Dying and its aftermath
Two poems by Elizabeth Jennings
In the early 1960’s, Jennings made a number of suicide attempts and spent time in and out of mental hospitals. She wrote For a Woman with a Fatal Illness, part of the masterpiece Sequence in Hospital (1963), during this period. Absence is from an earlier collection A Sense of the World (1958).
For a Woman with a Fatal Illness
The verdict has been given and you lie quietly
Beyond hope, hate, revenge, even self-pity.
You accept gratefully the gifts – flowers, fruit –
Clumsily offered now that your visitors too
Know you must certainly die in a matter of months,
They are dumb now, reduced only to gestures,
Helpless before your news, perhaps hating
You because you are the cause of their unease.
I, too, watching from my temporary corner,
Feel impotent and wish for something violent –
Whether as sympathy only, I am not sure –
But something at least to break the terrible tension.

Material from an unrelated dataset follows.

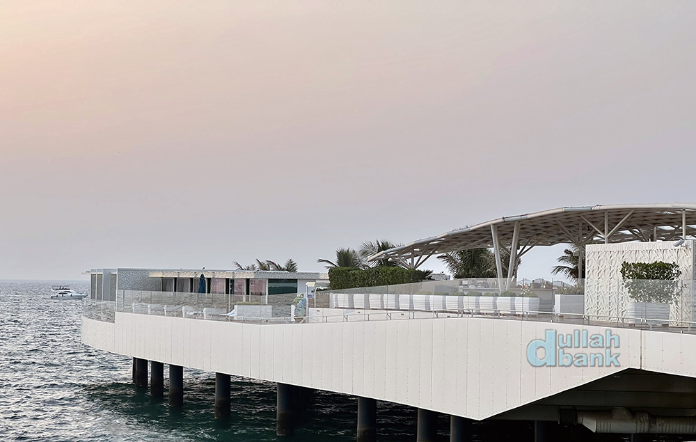 아래 보이는 초대형 플랫폼 테라스. 부르즈 알아랍 개장 이후 첫 확장구역인 이 테라스는 핀란드에서 공수해온 6개의 플랫폼을 조립해 만들어 2017년에 문을 열었으며, 두 개의 풀장과 라운지 살, 구찌 매장이 있습니다.

Death has no right to come so quietly.
Absence
I visited the place where we last met.
Nothing was changed, the gardens were well-tended,
The fountains sprayed their usual steady jet;
There was no sign that anything had ended
And nothing to instruct me to forget.
The thoughtless birds that shook out of the trees,
Singing an ecstasy I could not share,
Played cunning in my thoughts. Surely in these
Pleasures there could not be a pain to bear
Or any discord shake the level breeze.
It was because the place was just the same
That made your absence seem a savage force,
For under all the gentleness there came
An earthquake tremor: Fountain, birds and grass
Were shaken by my thinking of your name.